- _Aim of the task_: Please return exactly the lines below that run from the line with "Toivo Voerautomaat 4L" through the end of the listing, both included, but not the pictures.

- _Exercise data_:
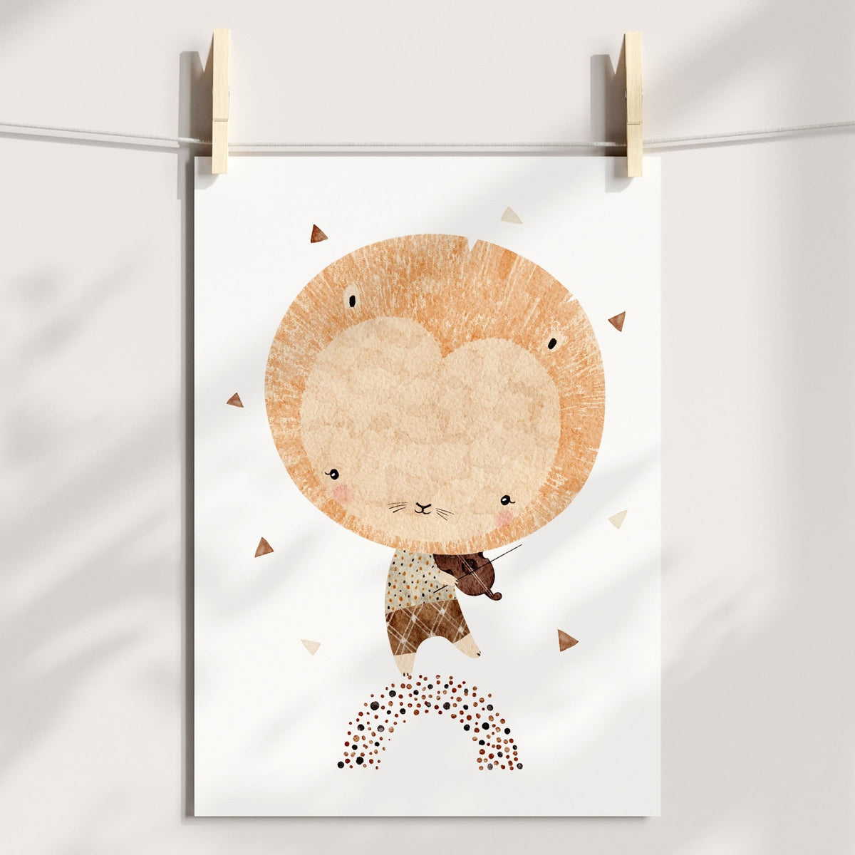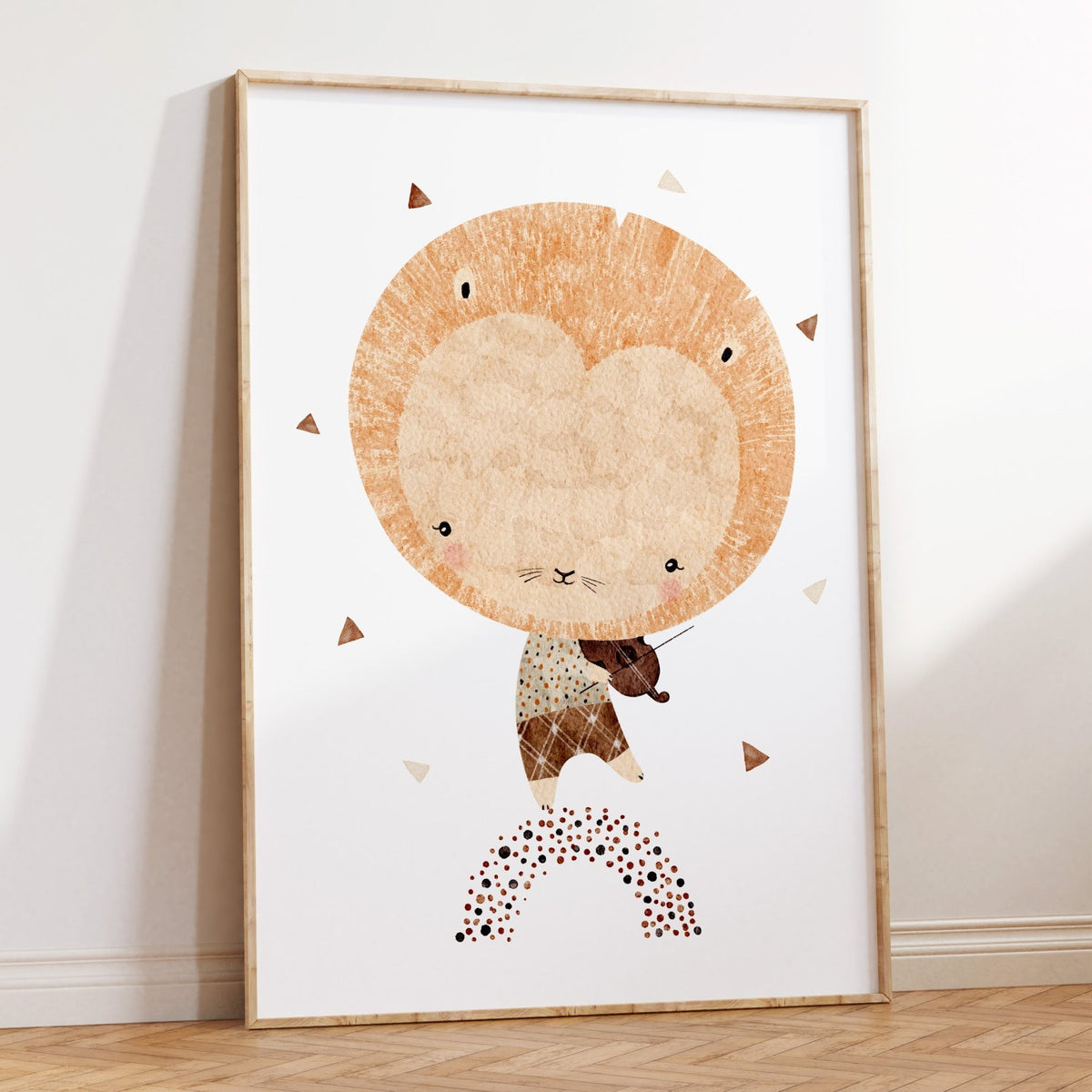 Unit price perThe perfect addition to the music or animal themed nursery, bedroom or playroom decor is this jungle jazz elephant wall art print. Featuring a safari Lion playing the violin, this print is sure to please any little music lover.
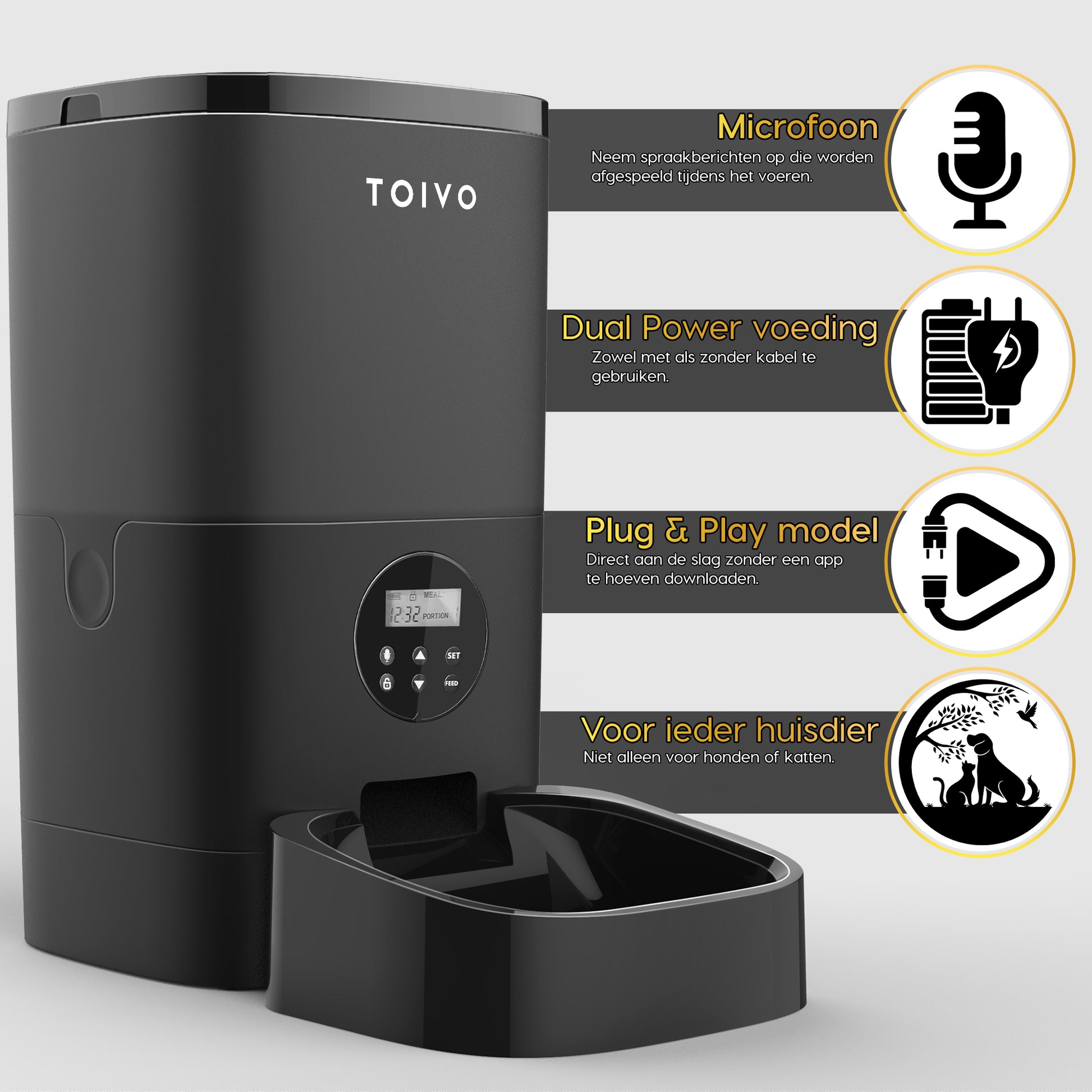 Toivo Voerautomaat 4L Pro - Automatische Voerbak - Voerdispenser - Katten en Honden Voerautomaat
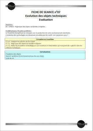 . Identification de la famille d'objets techniques et détermination de la raison.

- _Reply_:
 Toivo Voerautomaat 4L Pro - Automatische Voerbak - Voerdispenser - Katten en Honden Voerautomaat
 . Identification de la famille d'objets techniques et détermination de la raison.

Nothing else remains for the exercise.